Time-lapse analysis of the combined biosensors measures cell cycle phase durations. (A) NIH3T3 cell example of the G1 (top, red) and S (bottom, green) phase biosensors in all 4 phases: (G1) nuclear G1 and S phase biosensors, (S) cytoplasmic G1 phase biosensor and punctate S phase biosensor, (G2) cytoplasmic G1 phase biosensor and non-punctate nuclear S phase biosensor, and (M) colocalized G1 and S biosensors filling the entire rounded cell. Durations of the phases (bar graph) were scored for cells expressing both biosensors and had at least one frame in the preceding phase and one frame in the subsequent phase. Error bars are s.e.m. *p < 0.05, **p < 0.01, ***p < 0.001. (B) Histograms of the number of minutes spent by each cell type in G1 phase. (C) Histograms of the number of minutes spent by each cell type in S phase. Dashed lines are the mean durations of completed G1 (B) or S (C) phases for the three cell types.

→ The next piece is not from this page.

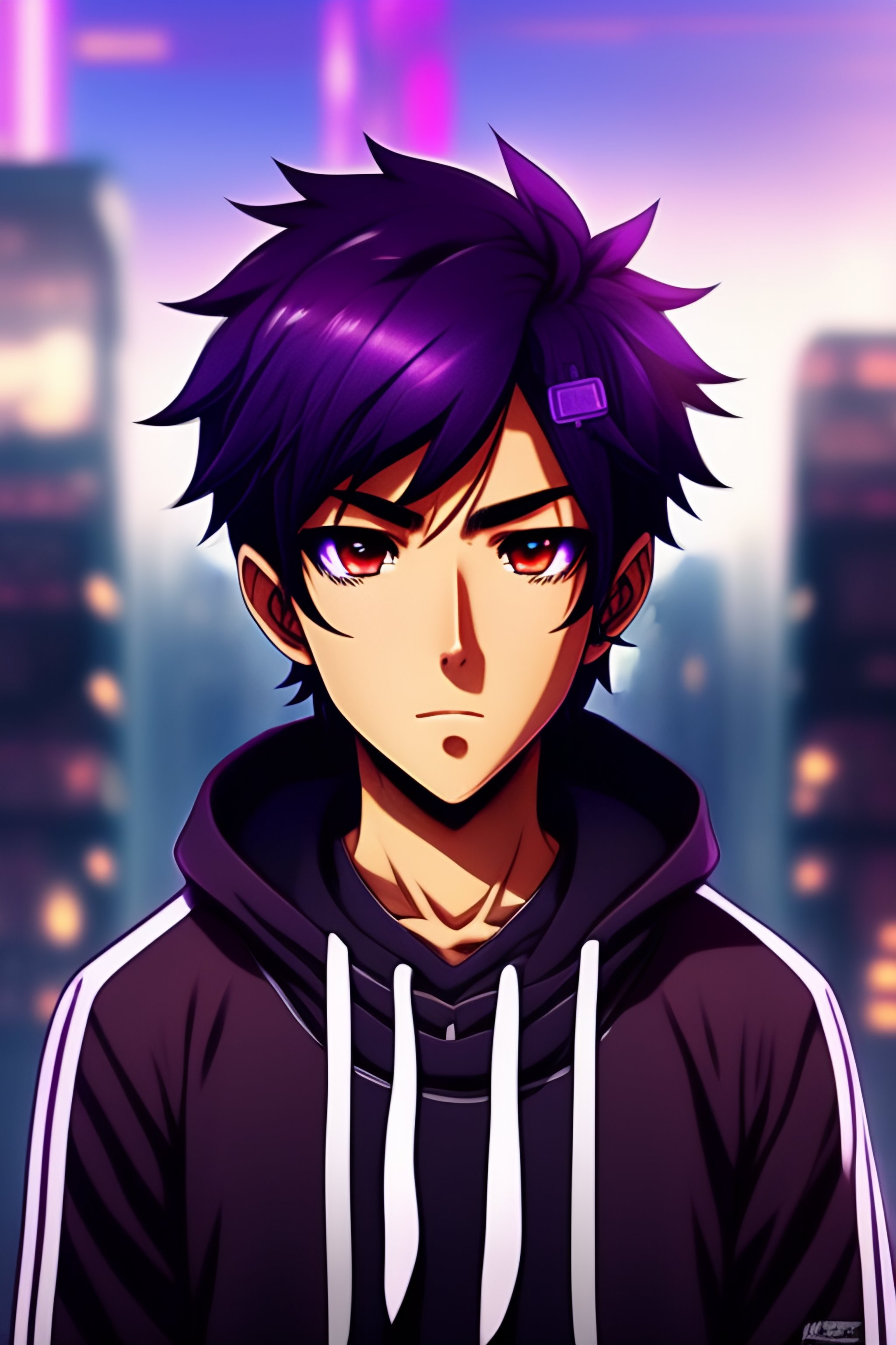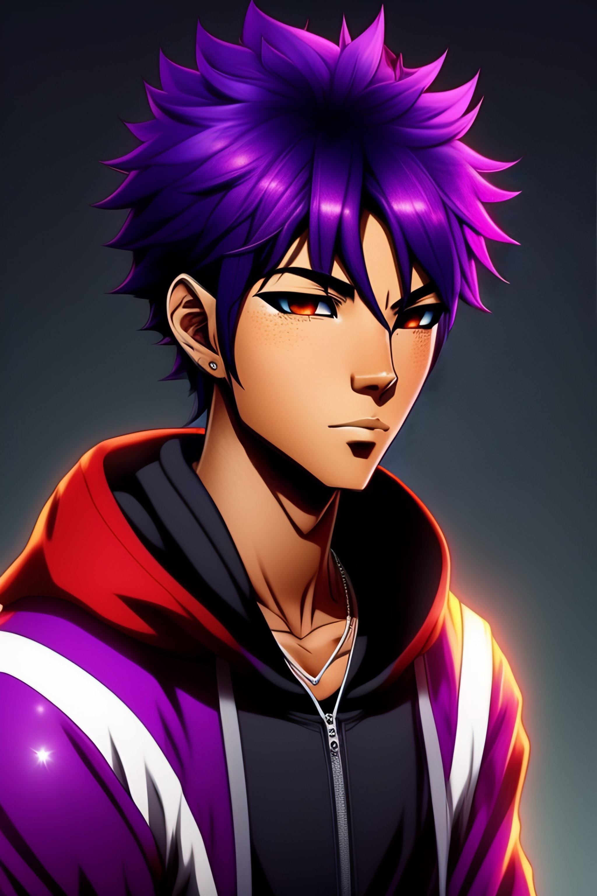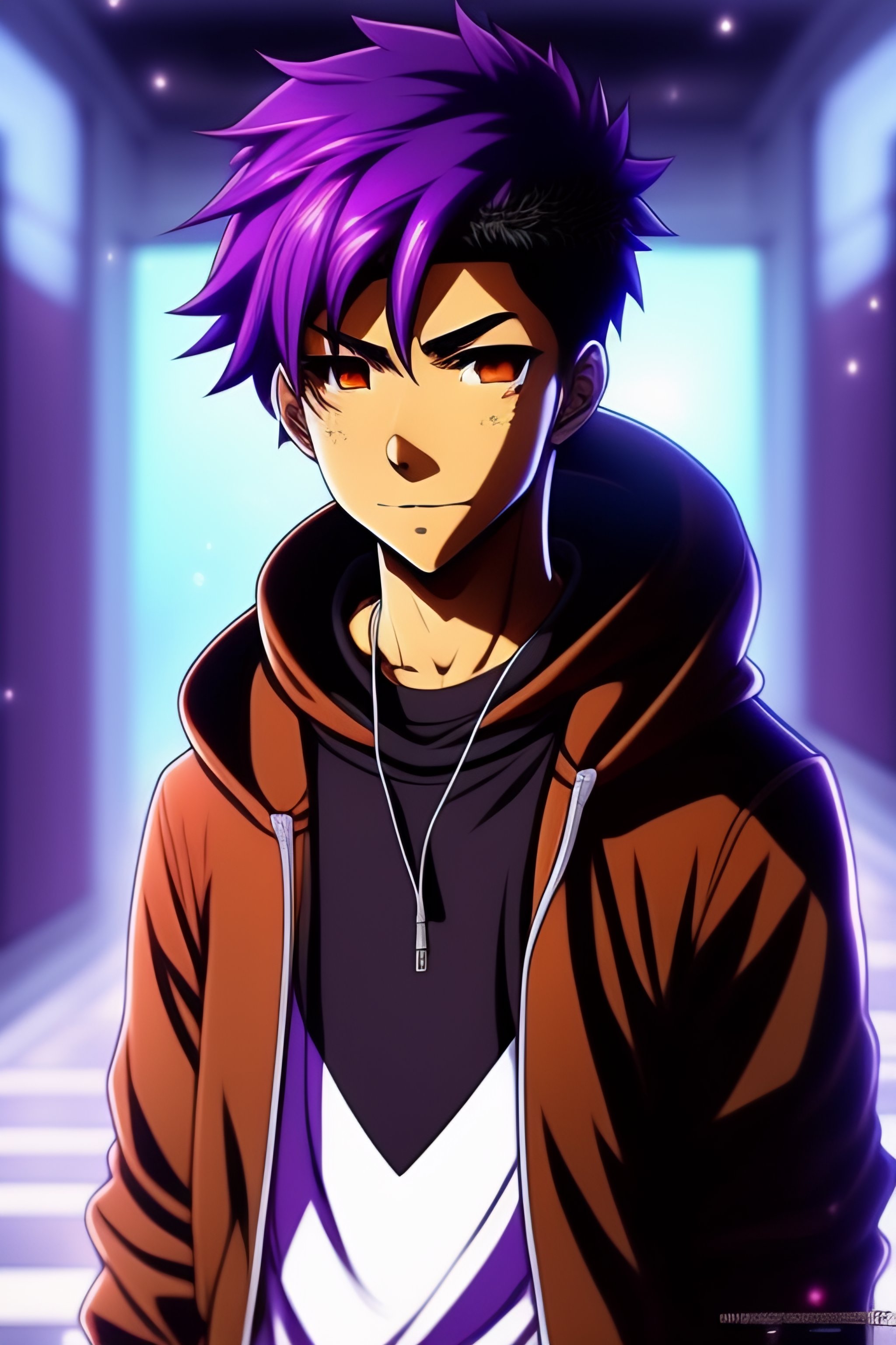 Purple hair anime brown guy, dark skin, brown face, hoodie, light brown skin, hacker, no expression, no emotion, anime style, manga, cartoon, anime

We measured the durations of the four phases of the cell cycle in unsynchronized HeLa, NIH3T3 and NCI-H292 cells (Fig. 2A, Table 1, bottom). In the three cell types, G1 and S phase durations were the longest, while G2 and M phases accounted for only about 15% of the total cycle time. Average durations of G1 and M phases were not significantly different among the three cell lines. The average S phase timing between the NIH3T3 and NCI-H292 cell types differed by only 3% of the total time, while G2 phase durations had a more pronounced variance from 17% (NIH3T3:NCI-H292) to 58% (NCI-H292:HeLa). This S and G2 phase variance, however, was not the only difference that we detected with the biosensors.

Table 1. n values for the live cell experiments shown in figures 2 and 3.

Cell type Total number of cells analyzed Number of cells that completed G1 Number of cells that completed S Number of cells that completed G2 Number of cells that completed M
NIH3T3 95 15 15 27 30
NCI-H292 65 15 13 22 21
HeLa 58 31 11 18 18
PC12 (with serum) 0-37 hours 128 29 15 35 42
PC12 (with serum) 24-61 hours 178 49 38 50 62
PC12 (without serum) 0-37 hours 111 1 0 22 22
PC12 (without serum) 24-61 hours 56 1 4 6 9

Though the average duration of a completed G1 phase does not differ significantly among the three cell types, when comparing the time spent in G1 phase for single NIH3T3, NCI-H292 and HeLa cells, we found a marked bimodal behavior that was unique to NIH3T3 fibroblast cells. Figure 2B shows histograms of the time individual cells of the three cell types spent in G1 phase. HeLa and NCI-H292 cells each have a single cycling population. Though the NCI-H292 cells have a greater variance in the time cells spent in G1 phase than the HeLa cells, the majority of cells of these two cell types did not have an excessively prolonged or arrested G1 phase. The NIH3T3 cells, however, have two peaks that mark two distinct subpopulations. The first peak is between 400 and 500 minutes and the second peak are cells that spent more than 1,000 minutes in G1 phase. This second peak in the histogram reflects a subpopulation of NIH3T3 cells that arrested in G1 phase. Widespread arrest in the NIH3T3 cells is limited to G1 phase, which may actually be a quiescent (G0) population.16 All three cell lines complete S, G2 and M phases with a low incidence of arrest (Figs. 2C and S4). Thus, the biosensor system can be used in live, cycling cells to measure individual and average durations of cell cycle phases, to explore stochastic variability, and to identify subpopulations with different cycling kinetics.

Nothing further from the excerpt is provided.